What you have to do —
The entries below need to be transcribed exactly, without their images.

--- Data records Enclosed Below ---

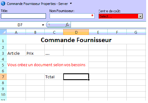 Avant d'associer le modèle de document, il faut le créer. Créez un document excel ou utilisez un document existant pouvant servir à l'encodage d'une commande fournisseur. Voici pour exemple, une capture d'écran du document que j'ai créé.
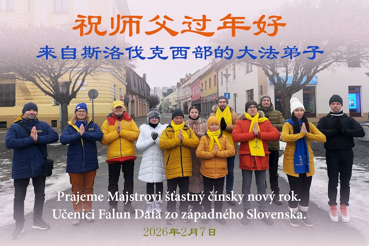 斯洛伐克法輪功學員恭祝李大師過年好。(明慧網)
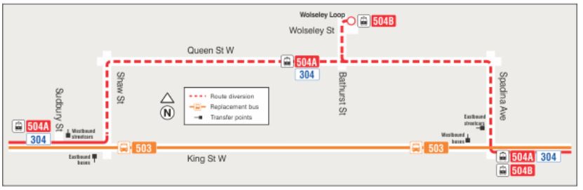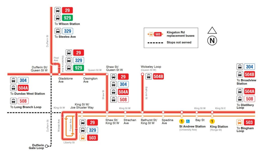 • 304 King and 329 Dufferin confirmed to be diverted on the same routes as the 504A and 29 daytime services.
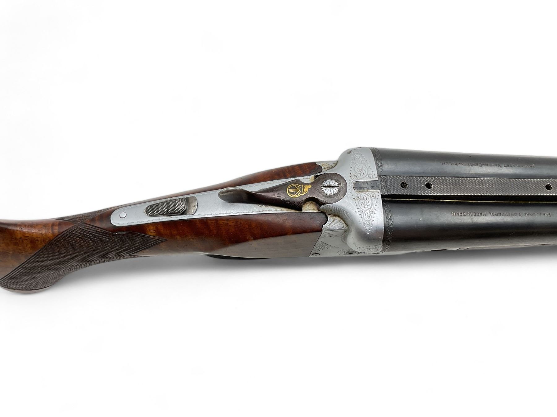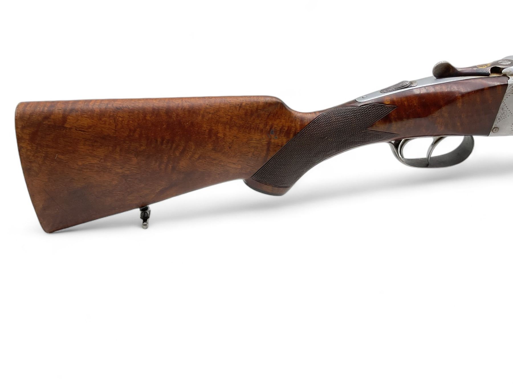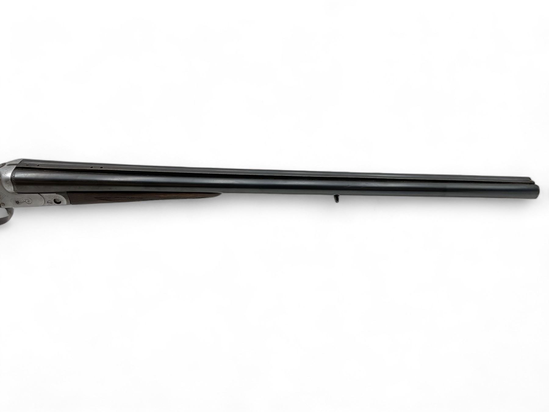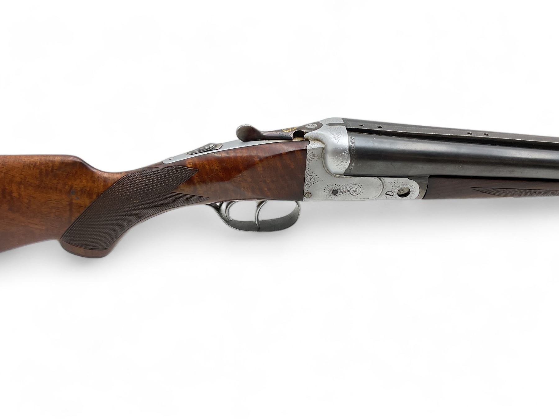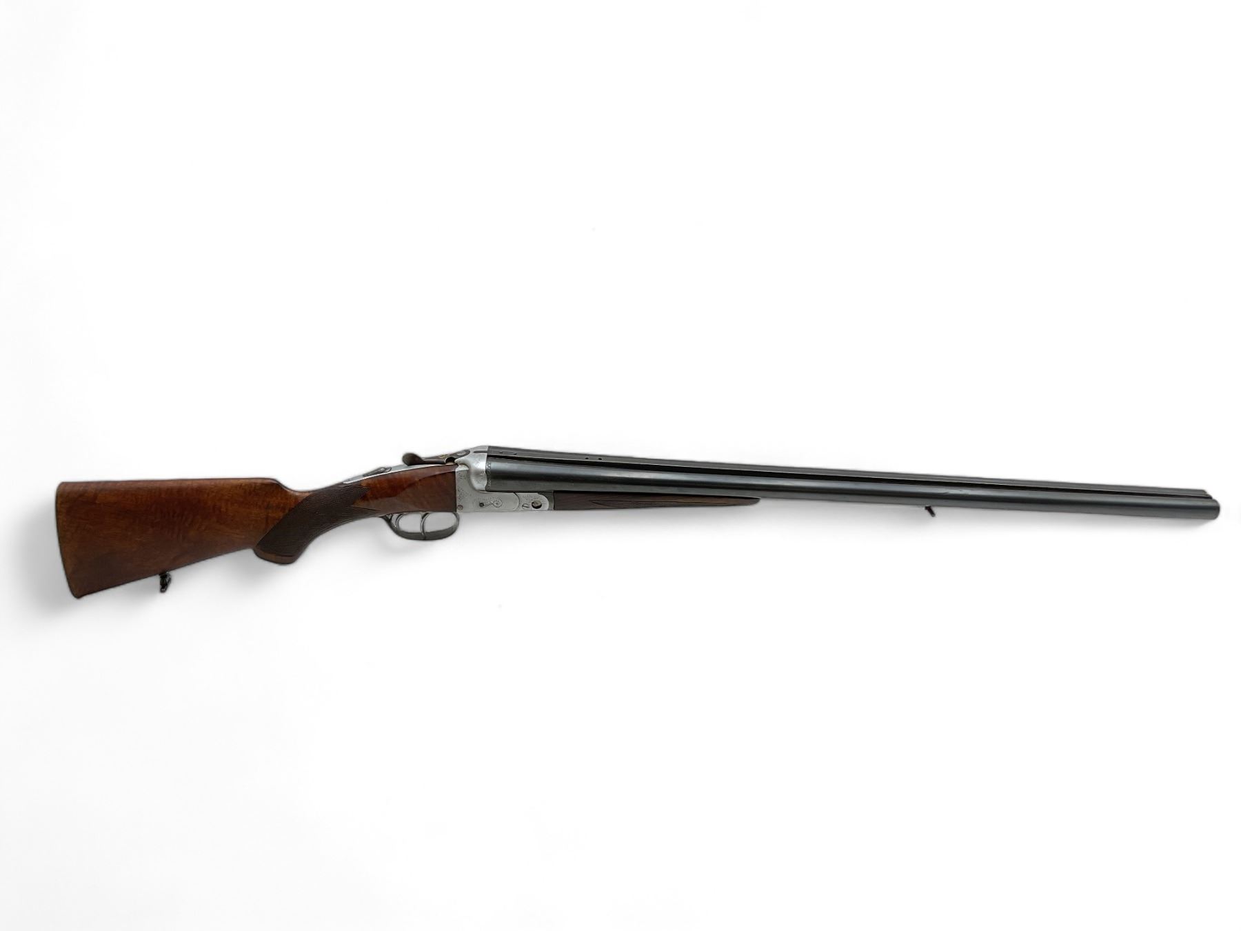 AYA Side By Side 12Ga Shotgun 27.5" Barrels Wood Stock. Fixed chokes, bead sight. No buttplate, comes with sling mounts. Receiver missing plug cover on right side. This is a non-restricted firearm.
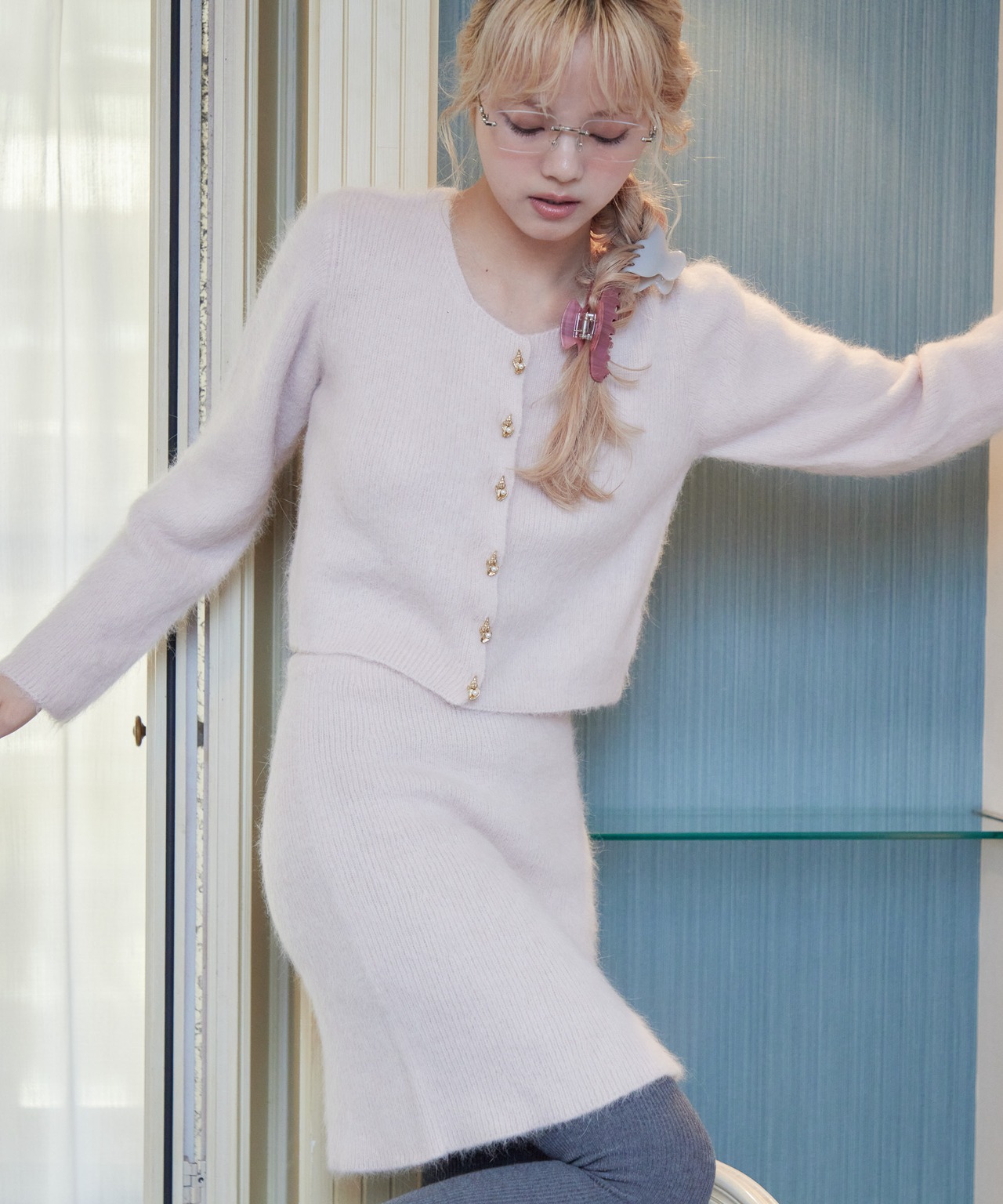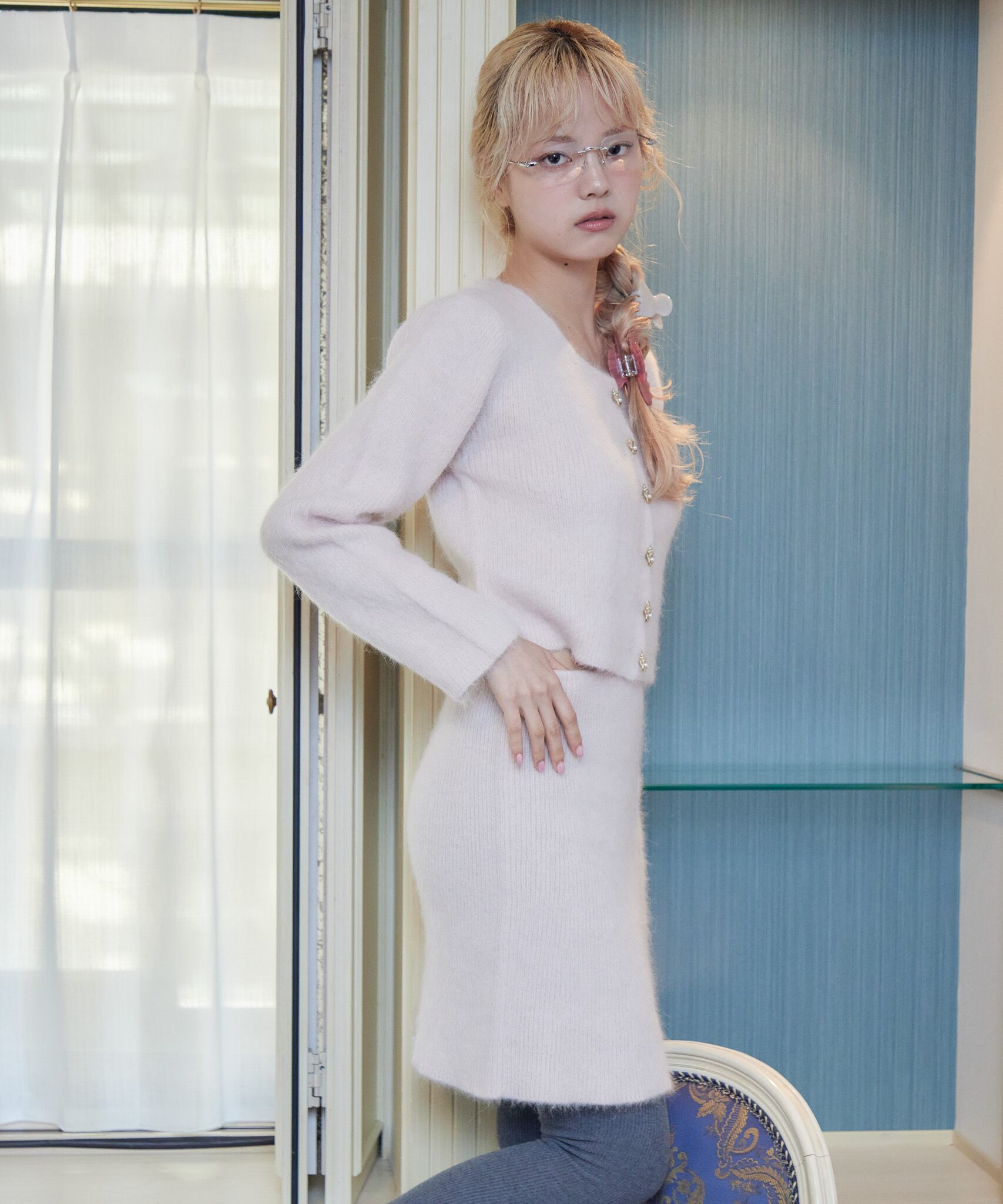 アンゴラ60%をふんだんに使用し、毛がふんわりと立ち、まるでうさぎのような仕上がりです。
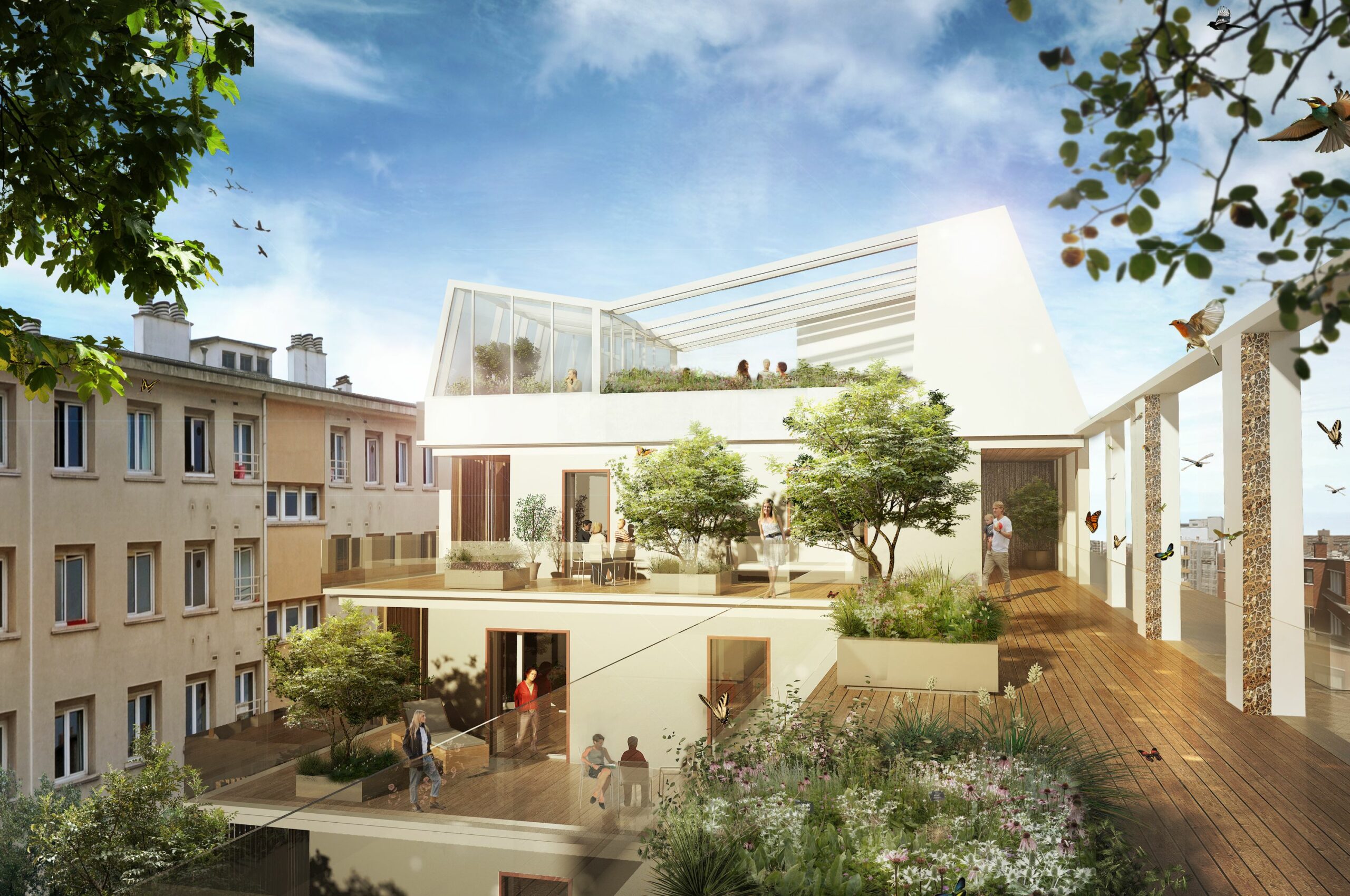 Accueillant cuisine d’été, jardins thématiques, salons et services partagés, ils permettront aux habitants de déployer les limites perçues de leur habitat et faciliteront les rencontres et l’émergence d’une réelle communauté au sein de FLUX.
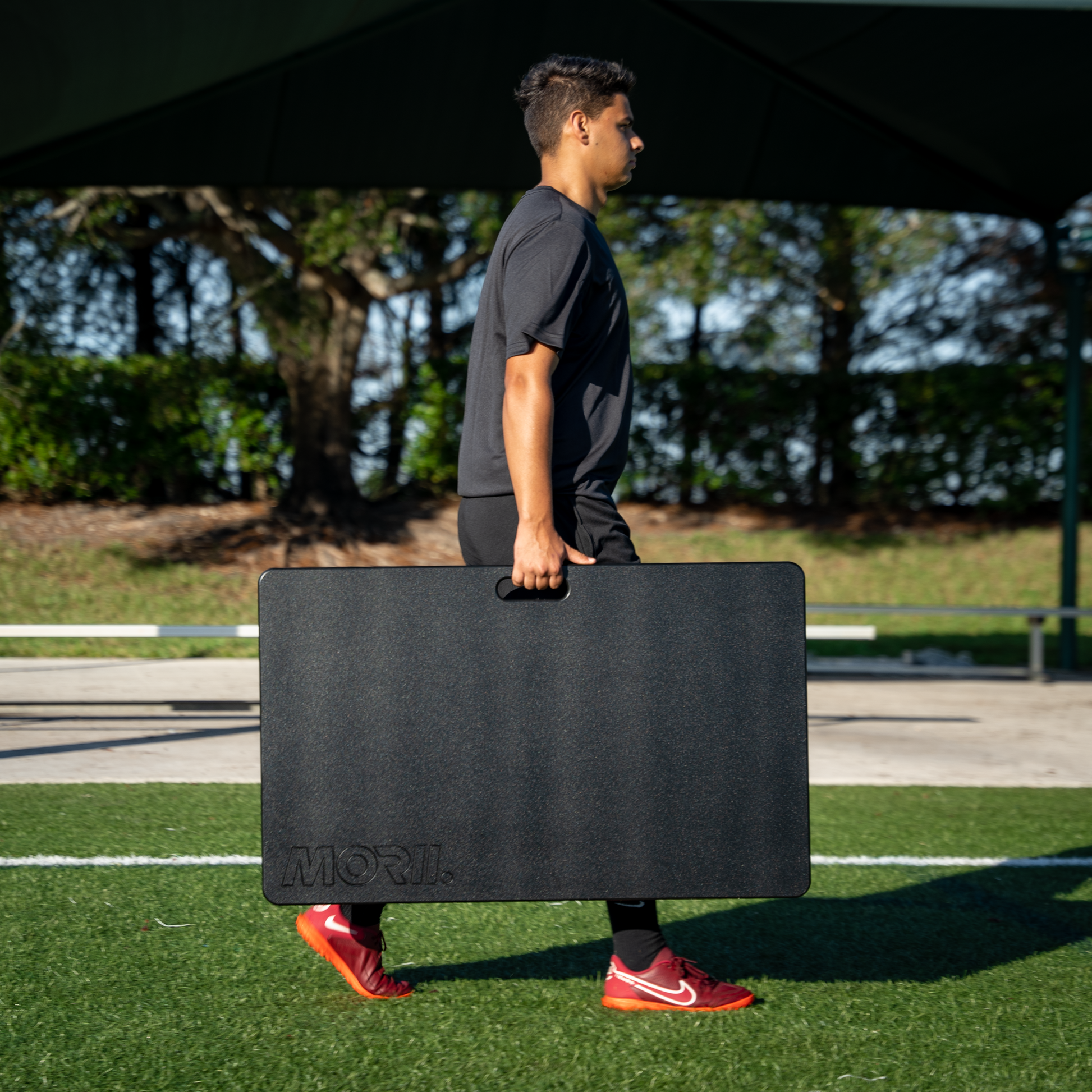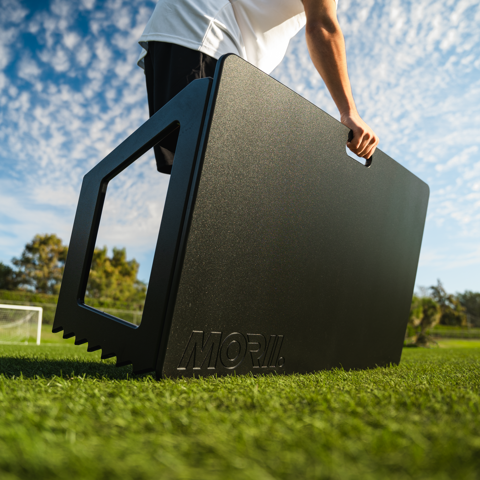The MORII Soccer Rebounder Board comes in multiple sizes and can be set at multiple angles to create a variety of soccer drills and practice scenarios. The assortment of pass back drills that can be simulated with the various angles improve reaction time, timing, agility, and athleticism.

--- End of Enclosed Data records ---

Solution —
 Avant d'associer le modèle de document, il faut le créer. Créez un document excel ou utilisez un document existant pouvant servir à l'encodage d'une commande fournisseur. Voici pour exemple, une capture d'écran du document que j'ai créé.
 斯洛伐克法輪功學員恭祝李大師過年好。(明慧網)
 • 304 King and 329 Dufferin confirmed to be diverted on the same routes as the 504A and 29 daytime services.
 AYA Side By Side 12Ga Shotgun 27.5" Barrels Wood Stock. Fixed chokes, bead sight. No buttplate, comes with sling mounts. Receiver missing plug cover on right side. This is a non-restricted firearm.
 アンゴラ60%をふんだんに使用し、毛がふんわりと立ち、まるでうさぎのような仕上がりです。
 Accueillant cuisine d’été, jardins thématiques, salons et services partagés, ils permettront aux habitants de déployer les limites perçues de leur habitat et faciliteront les rencontres et l’émergence d’une réelle communauté au sein de FLUX.
The MORII Soccer Rebounder Board comes in multiple sizes and can be set at multiple angles to create a variety of soccer drills and practice scenarios. The assortment of pass back drills that can be simulated with the various angles improve reaction time, timing, agility, and athleticism.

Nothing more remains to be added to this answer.